> **Action item**
Below is a listing with pictures in it; transcribe exactly the lines from the one that has "BioMenü Bio Cacao" through the one that has "Die fest am", and omit those pictures.

> **Data for the task**
= Beginning of Section =

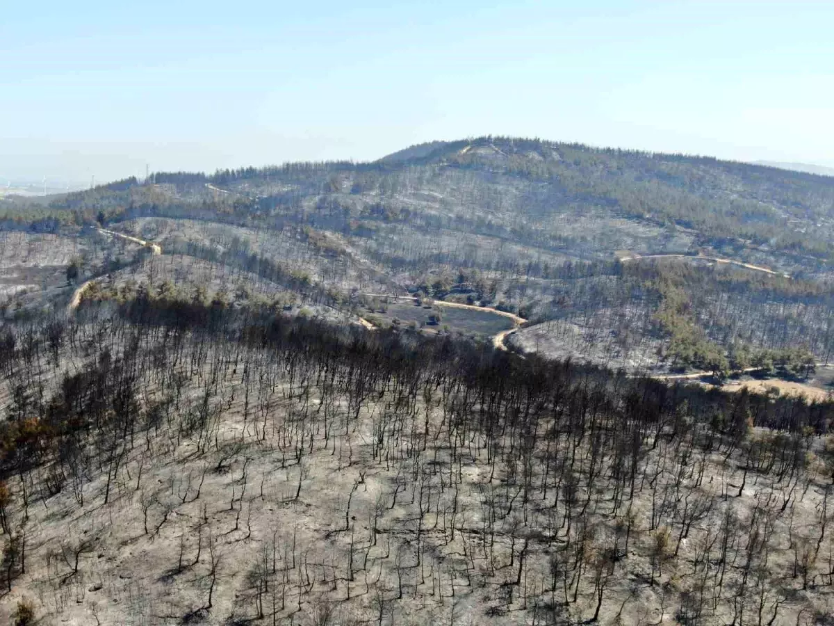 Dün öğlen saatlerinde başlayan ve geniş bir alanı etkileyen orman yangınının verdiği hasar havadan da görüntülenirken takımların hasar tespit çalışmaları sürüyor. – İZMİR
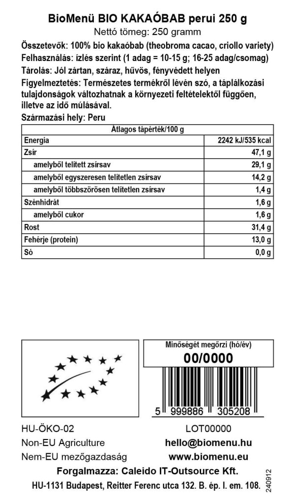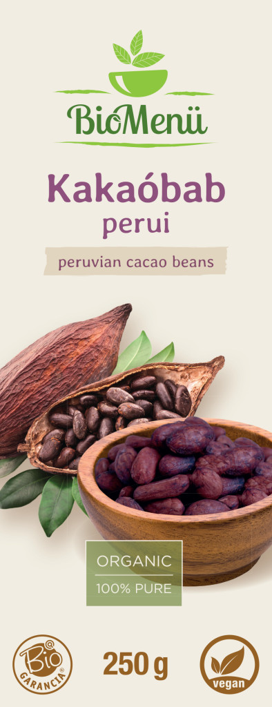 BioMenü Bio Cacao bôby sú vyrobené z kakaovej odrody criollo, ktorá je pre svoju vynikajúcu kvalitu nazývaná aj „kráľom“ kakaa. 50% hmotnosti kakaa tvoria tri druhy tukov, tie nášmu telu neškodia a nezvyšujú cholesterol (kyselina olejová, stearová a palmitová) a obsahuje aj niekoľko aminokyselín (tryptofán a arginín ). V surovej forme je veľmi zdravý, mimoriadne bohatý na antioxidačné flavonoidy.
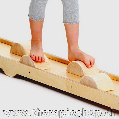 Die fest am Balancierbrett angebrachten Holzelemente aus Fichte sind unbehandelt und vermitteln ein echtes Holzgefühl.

= End of Section =
= Beginning of Section =

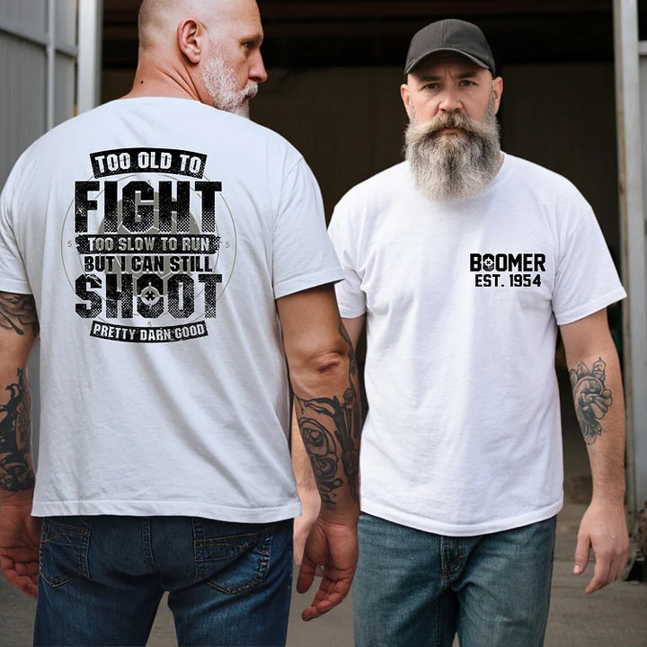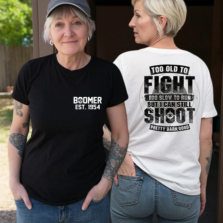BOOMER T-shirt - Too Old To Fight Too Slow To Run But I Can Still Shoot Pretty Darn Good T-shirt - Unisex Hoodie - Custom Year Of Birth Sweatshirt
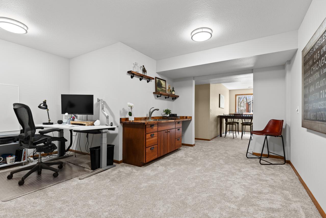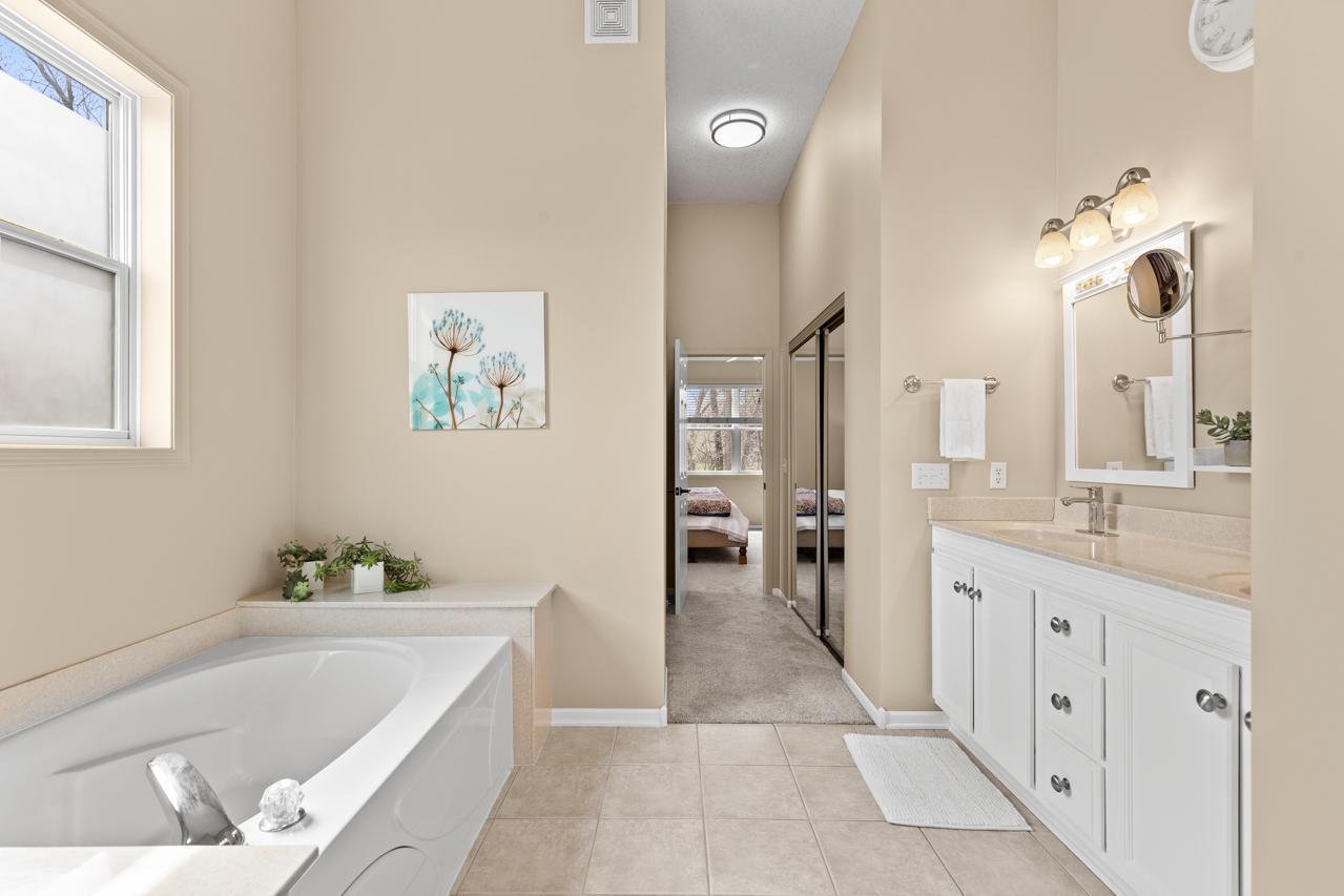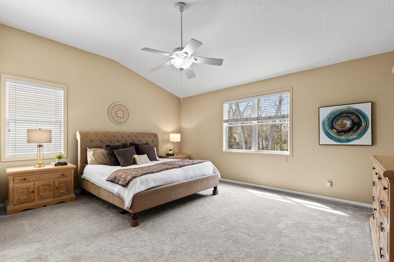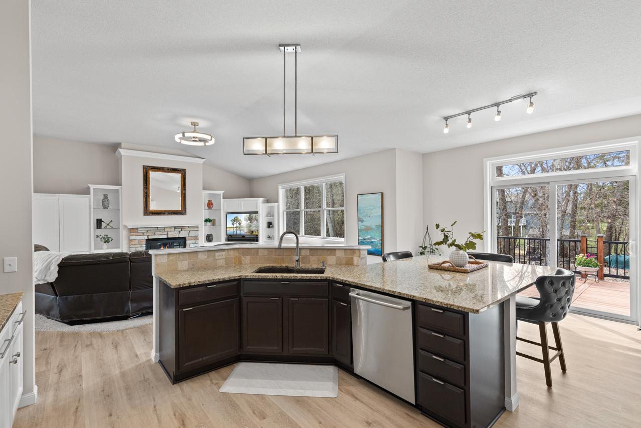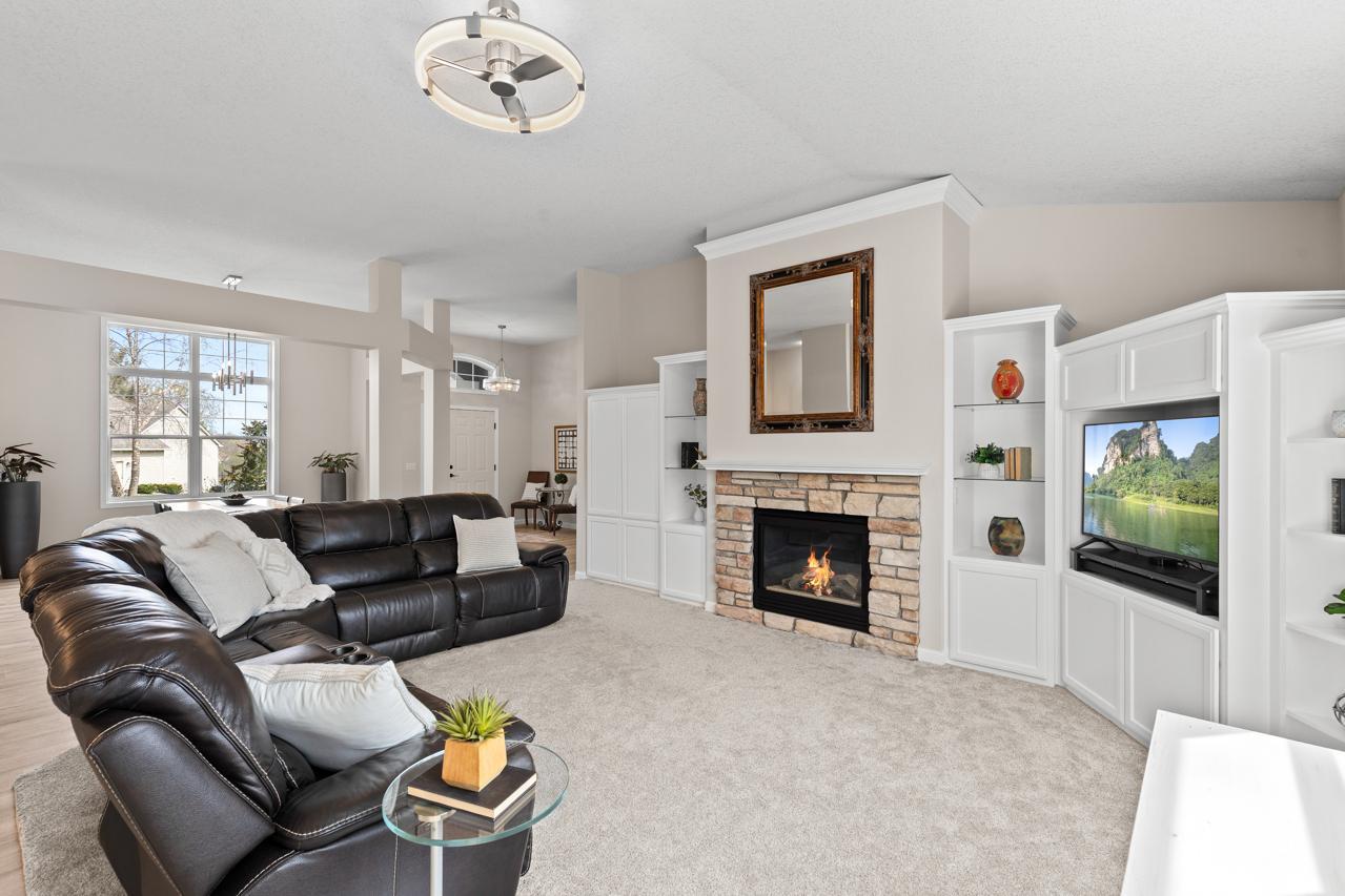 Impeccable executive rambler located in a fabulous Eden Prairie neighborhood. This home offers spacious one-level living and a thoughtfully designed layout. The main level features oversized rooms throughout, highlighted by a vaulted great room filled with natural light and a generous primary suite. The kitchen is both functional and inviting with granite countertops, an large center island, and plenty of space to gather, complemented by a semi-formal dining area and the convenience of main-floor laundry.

= End of Section =

> **Task answer**
 BioMenü Bio Cacao bôby sú vyrobené z kakaovej odrody criollo, ktorá je pre svoju vynikajúcu kvalitu nazývaná aj „kráľom“ kakaa. 50% hmotnosti kakaa tvoria tri druhy tukov, tie nášmu telu neškodia a nezvyšujú cholesterol (kyselina olejová, stearová a palmitová) a obsahuje aj niekoľko aminokyselín (tryptofán a arginín ). V surovej forme je veľmi zdravý, mimoriadne bohatý na antioxidačné flavonoidy.
 Die fest am Balancierbrett angebrachten Holzelemente aus Fichte sind unbehandelt und vermitteln ein echtes Holzgefühl.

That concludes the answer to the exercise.